──────── INFORMATION GIVEN

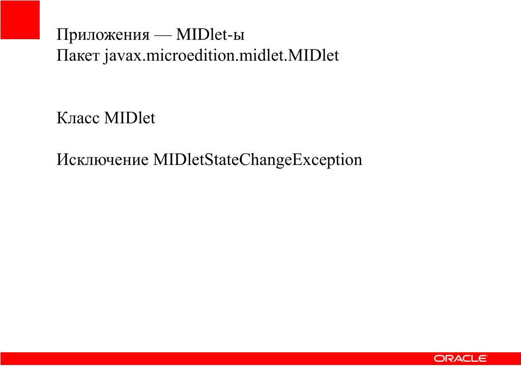 Приложения — MIDlet-ы Пакет javax.microedition.midlet.MIDlet Класс MIDlet Исключение MIDletStateChangeException
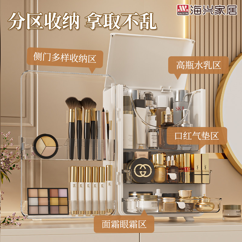 化妆品收纳盒大容量防尘桌面口红护肤品梳妆台化妆刷化妆箱带盖
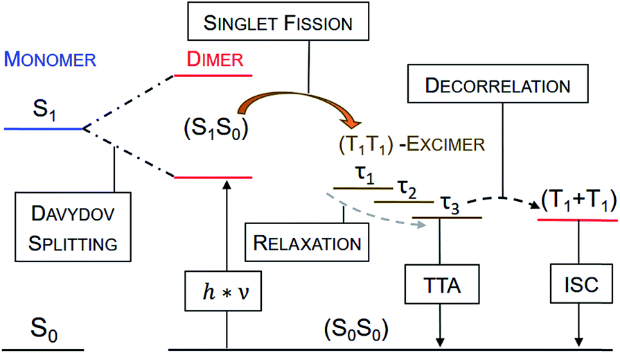 Strong intermolecular π–π interactions, then, lead to inter-chromophore coupling and Davydov splitting. More specifically, Davydov splitting arises from the overlap of the wavefunctions of two translationally inequivalent molecules in the unit cells of crystals.46,50 To be consistent with previous reports on acene dimers,51–54 we refer to Davydov splitting rather than the synonymous exciton splitting.55 Excited-state properties and dynamics that lead to Davydov splitting have been reported for e.g., polycrystalline single crystals,50 acene films,56 and nanoaggregates.57,58 Davydov splitting of the lowest singlet excited state has been predicted for pentacene crystals to lead to an electronic situation that is favorable for fast SF.59 Importantly, it has been shown for crystalline perfluoropentacene that excimer states formed from Davydov states act as intermediates that favor SF, rather than compete with it.60 For films of diketopyrrolopyrroles with marked Davydov splitting, excimer states formed on photoexcitation have been identified as a multi-excitonic 1(T1T1) state en route to triplet decorrelation.61
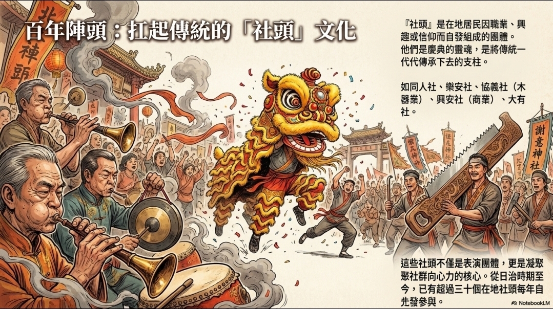 這些社頭不僅是表演團體,更是凝聚 聚社群向心力的核心。從日治時期至 今,已有超過三十個在地社頭每年自 先發參與。
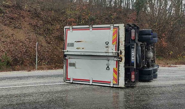 Bilecik'in Pazaryeri ilçesinde seyir halindeki tırın devrilmesi sonucu 2 kişi yaralandı.Alınan bilgilere göre; Pazaryeri- Bursa kara yolunun Gümüşdere köyü Ahıdağı mevkisinde seyir halindeki 26 ACY 536 plakalı tır sürücüsü Onurcan A. virajı alamayınca direksiyon hakimiyetini kaybederek aracını devirdi. Kazada sürücü ve araç içinde yolcu olarak bulunan Metin E. yaralandı. Yaralılar olay yerine gelen 112 Acil Servis ekiplerince yapılan ilk müdahalenin ardından Pazaryeri İlçe Devlet Hastanesine kaldırıldı.Kaza nedeniyle bir süre trafiğe kapalı kalan yolda ulaşım, tırın kaldırılmasının ardından normale döndü. Yaralıların sağlık durumun iyi olduğu öğrenildi.
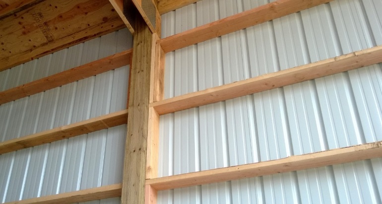 My question is, how do you add enough bracing to make the structure sound again? Obviously not looking for an engineering report but some actual builds of things that work. I had though about using "commercial" or "ladder" style purlins in between my posts with the metal screwed through the flats into them. Then the metal acts much more like typical sheathing. Added side benefit of easy insulation and interior wall finishing.

────────────────

» **WORK INSTRUCTIONS**: The listing above is to be set down word for word, without its images.

» **OUTPUT FOR THIS EXERCISE**:
 Приложения — MIDlet-ы Пакет javax.microedition.midlet.MIDlet Класс MIDlet Исключение MIDletStateChangeException
 化妆品收纳盒大容量防尘桌面口红护肤品梳妆台化妆刷化妆箱带盖
 Strong intermolecular π–π interactions, then, lead to inter-chromophore coupling and Davydov splitting. More specifically, Davydov splitting arises from the overlap of the wavefunctions of two translationally inequivalent molecules in the unit cells of crystals.46,50 To be consistent with previous reports on acene dimers,51–54 we refer to Davydov splitting rather than the synonymous exciton splitting.55 Excited-state properties and dynamics that lead to Davydov splitting have been reported for e.g., polycrystalline single crystals,50 acene films,56 and nanoaggregates.57,58 Davydov splitting of the lowest singlet excited state has been predicted for pentacene crystals to lead to an electronic situation that is favorable for fast SF.59 Importantly, it has been shown for crystalline perfluoropentacene that excimer states formed from Davydov states act as intermediates that favor SF, rather than compete with it.60 For films of diketopyrrolopyrroles with marked Davydov splitting, excimer states formed on photoexcitation have been identified as a multi-excitonic 1(T1T1) state en route to triplet decorrelation.61
 這些社頭不僅是表演團體,更是凝聚 聚社群向心力的核心。從日治時期至 今,已有超過三十個在地社頭每年自 先發參與。
 Bilecik'in Pazaryeri ilçesinde seyir halindeki tırın devrilmesi sonucu 2 kişi yaralandı.Alınan bilgilere göre; Pazaryeri- Bursa kara yolunun Gümüşdere köyü Ahıdağı mevkisinde seyir halindeki 26 ACY 536 plakalı tır sürücüsü Onurcan A. virajı alamayınca direksiyon hakimiyetini kaybederek aracını devirdi. Kazada sürücü ve araç içinde yolcu olarak bulunan Metin E. yaralandı. Yaralılar olay yerine gelen 112 Acil Servis ekiplerince yapılan ilk müdahalenin ardından Pazaryeri İlçe Devlet Hastanesine kaldırıldı.Kaza nedeniyle bir süre trafiğe kapalı kalan yolda ulaşım, tırın kaldırılmasının ardından normale döndü. Yaralıların sağlık durumun iyi olduğu öğrenildi.
 My question is, how do you add enough bracing to make the structure sound again? Obviously not looking for an engineering report but some actual builds of things that work. I had though about using "commercial" or "ladder" style purlins in between my posts with the metal screwed through the flats into them. Then the metal acts much more like typical sheathing. Added side benefit of easy insulation and interior wall finishing.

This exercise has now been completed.